Agents and tool use

Frameworks vs bare-metal: LangChain, LangGraph, LlamaIndex, custom

The framework debate is older than the field. LangChain optimises for prototyping. LangGraph optimises for stateful workflows. LlamaIndex optimises for RAG. Bare-metal optimises for understanding what your code does. Most senior engineers ship custom thin wrappers and pick framework pieces sparingly.

flowchart TB
    C[("Codebase")]:::a --> F1[("LangChain: chains & agents")]:::g
    C --> F2[("LangGraph: stateful flows")]:::g
    C --> F3[("LlamaIndex: RAG-first")]:::g
    C --> BM[("Bare-metal: direct SDK")]:::y
    classDef a fill:#dbeafe,stroke:#1e40af,color:#1e3a8a
    classDef g fill:#dcfce7,stroke:#15803d,color:#14532d
    classDef y fill:#fef3c7,stroke:#a16207,color:#713f12

What each framework is actually good at

LangChain. A grab-bag of integrations: every model provider, every vector DB, every document loader. The strength is “you can plug anything in.” The weakness is that the abstractions are leaky and the code is hard to debug once things go wrong.
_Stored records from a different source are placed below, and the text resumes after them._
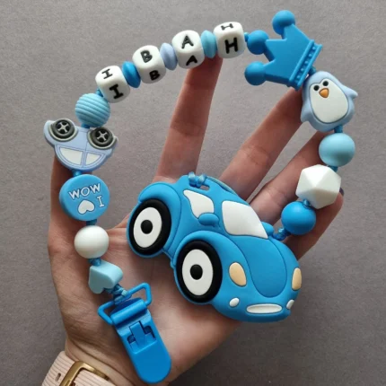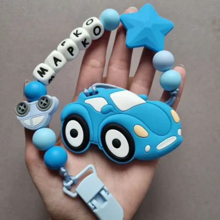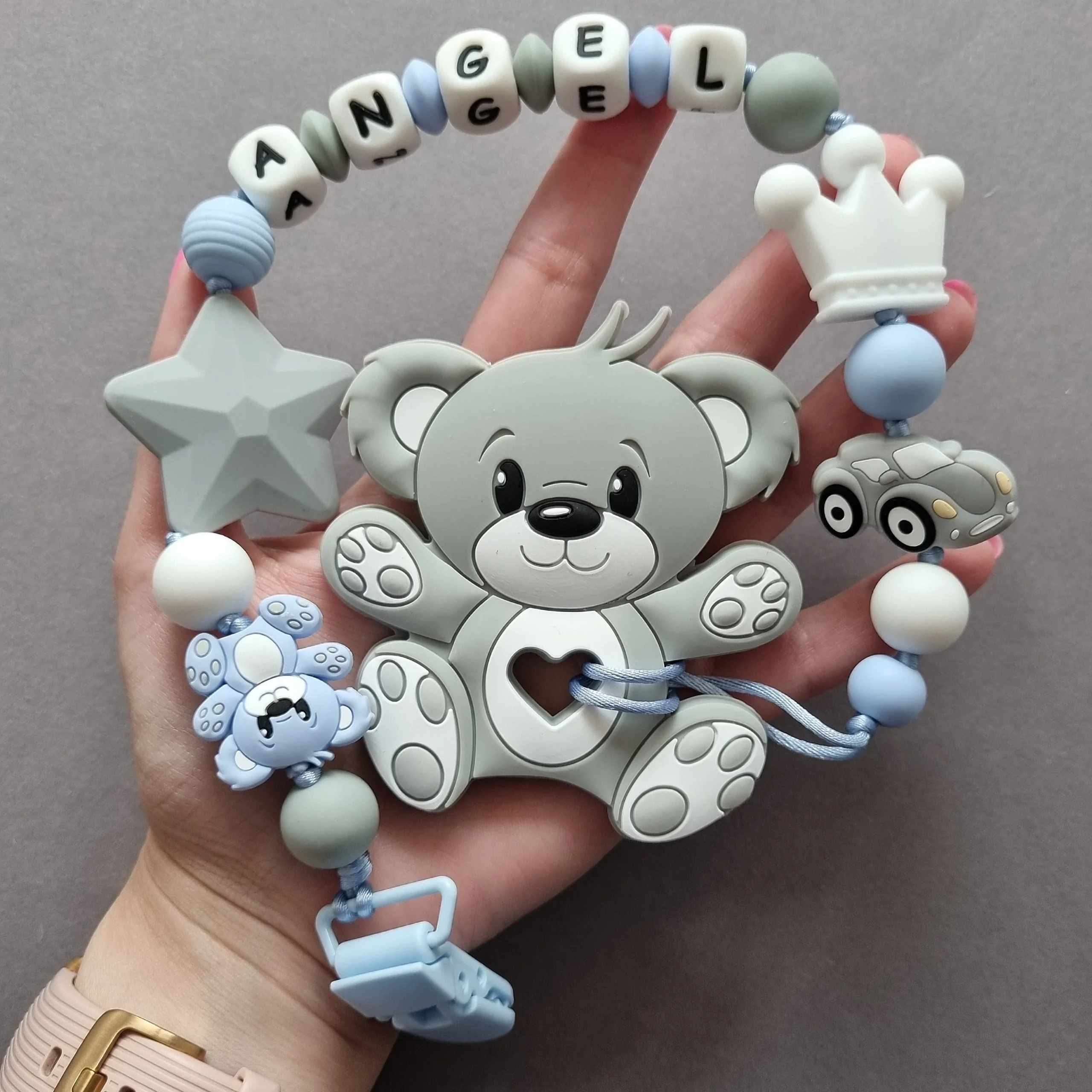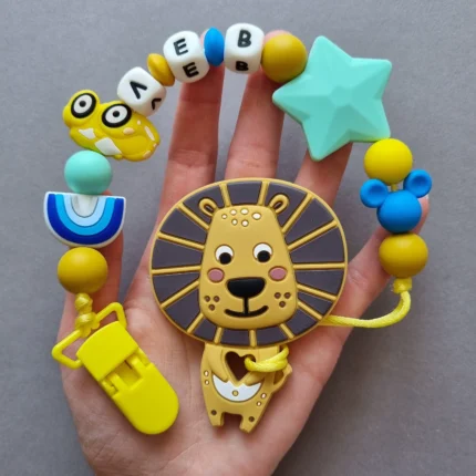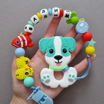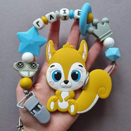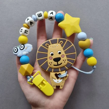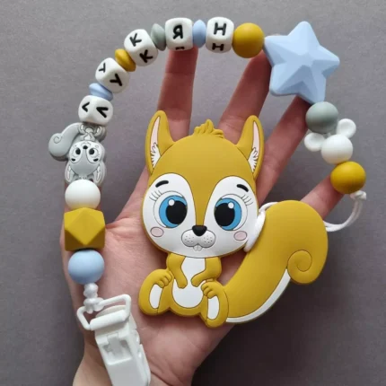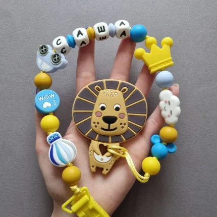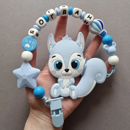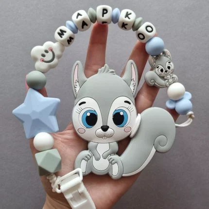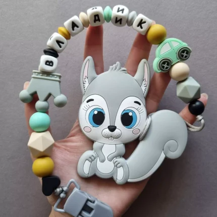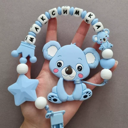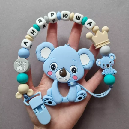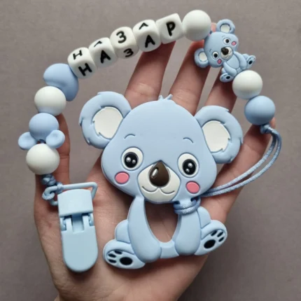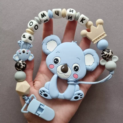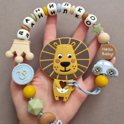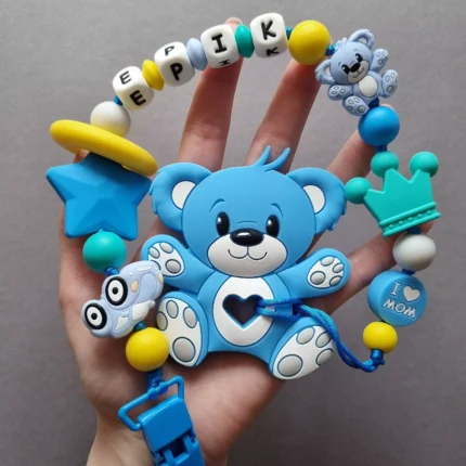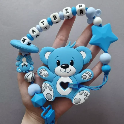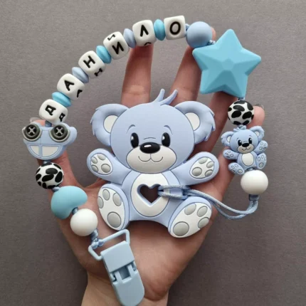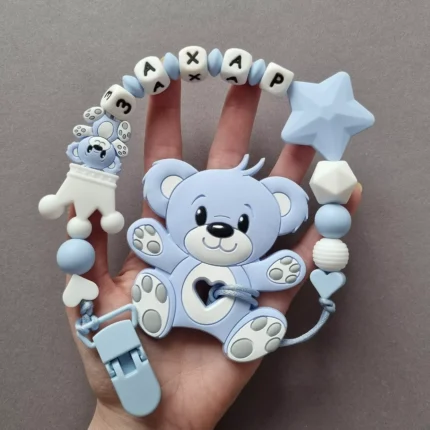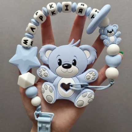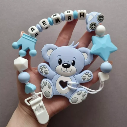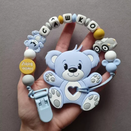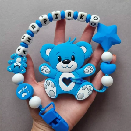 Чарівний дитячий гризунець із харчового силікону у вигляді ведмедика— чудовий супутник для вашого малюка під час прорізування зубів. М’яка текстура силікону дбайливо масажує ясна, допомагаючи полегшити біль. Головним елементом цього гризунця є миле ведмежа, яке викликає посмішку у дітей. Ви можете обрати бусини та декоративні елементи на свій смак, щоб створити унікальний аксесуар для вашого малюка. Всі деталі виготовлені з безпечного, нетоксичного матеріалу, що відповідає найвищим стандартам якості. Іменна персоналізація додає особливої індивідуальності, роблячи цей гризунець ідеальним подарунком.
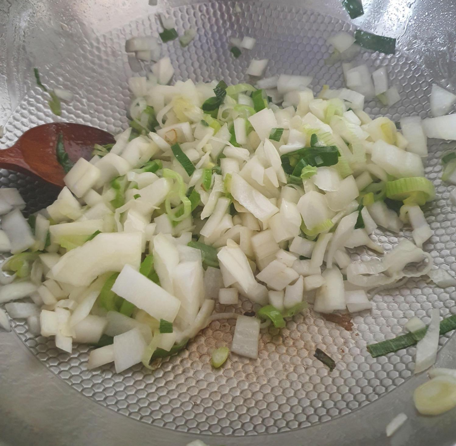 달궈진 팬에 기름을 두른 후, 파 기름을 먼저 내 줄 거예요. 파에서 수분이 다 나올 수 있도록 볶아 주시는 것이 포인트입니다. 달달달달 볶아 볶아~^^
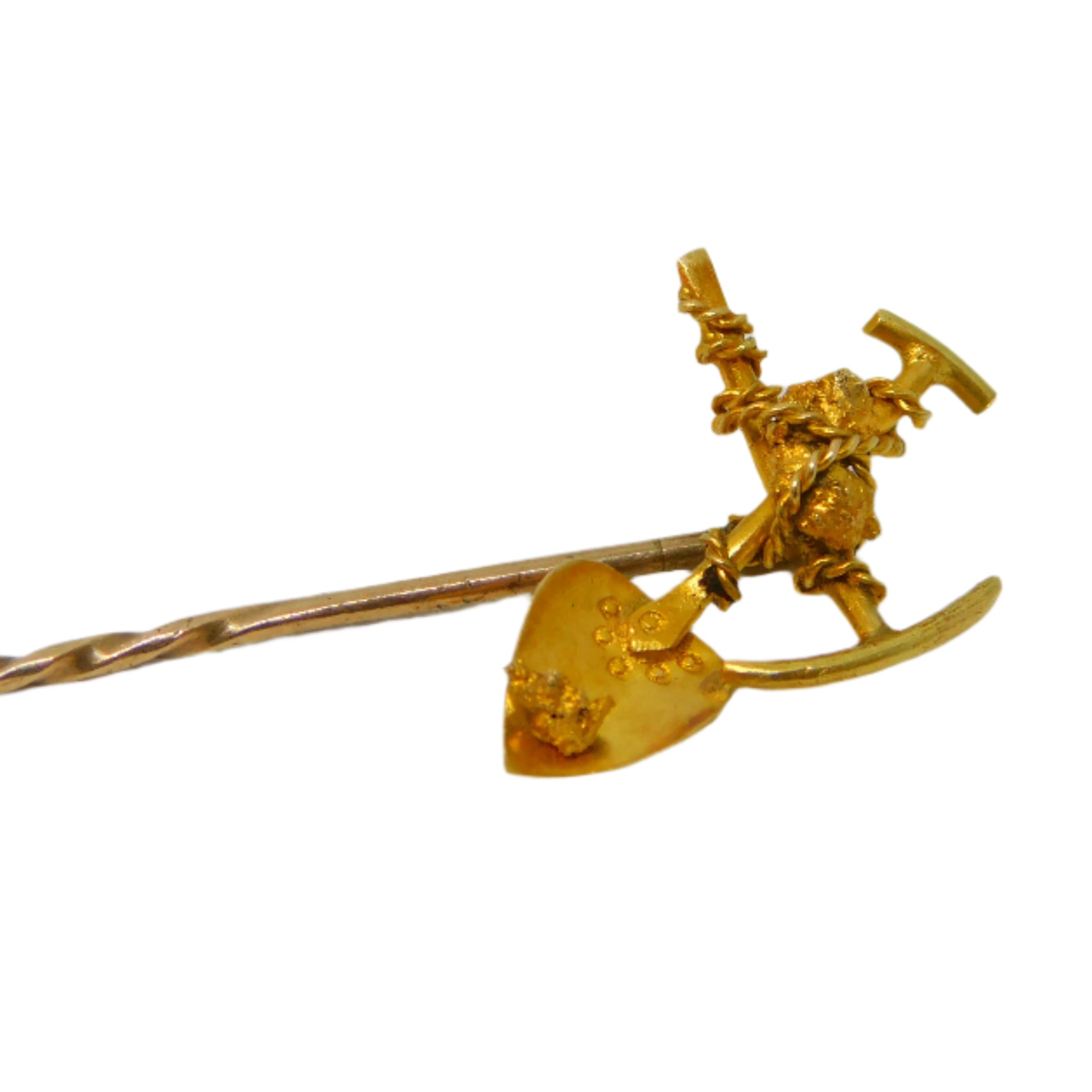 Details: A fantastic and wonderfully designed antique South African 19th century 22ct yellow gold topped gold mining stick pin depicting a shovel and pick, 9ct gold pin, the gold has been XRF tested as it is unmarked c1890.This is a wonderful item that would make a perfect gift or addition to any collection. The BOX pictured is for PRESENTATION ONLY and is NOT included in the listings but used to frame the pictures unless specifically stated otherwise.

Best for: rapid prototyping when you do not care how it works internally.

LangGraph. A state-machine framework on top of LangChain. You define nodes (steps) and edges (transitions). It handles checkpointing, branching, retries. Genuinely useful for complex agent workflows.

Best for: real agents with multiple steps, branching logic, human-in-the-loop checkpoints.

LlamaIndex. Started as a RAG-first framework. Strong primitives for ingestion, chunking, retrieval. Has expanded but RAG is still the core.

Best for: standing up a non-trivial RAG quickly when you do not want to wire it from scratch.

Bare-metal (provider SDK + your code). You call the model directly. You write retries, logging, prompt management, agent loops. 200 lines of code, all yours.

Best for: production systems where you care about debuggability, control, and performance.

The hidden cost of abstraction layers in LLM code

LLM systems are non-deterministic. When something goes wrong, you need to trace what the model saw, what it returned, why the next step happened. Heavy frameworks add layers between you and that trace.

A LangChain agent that fails: the error includes 12 layers of stack trace through the framework before you see your code. The prompt that was actually sent to the model is hidden behind three abstractions. Debugging means reading framework internals.

The bare-metal version: you wrote the prompt, you sent the call, you see the response. The trace is short and obvious. When it breaks, you know where.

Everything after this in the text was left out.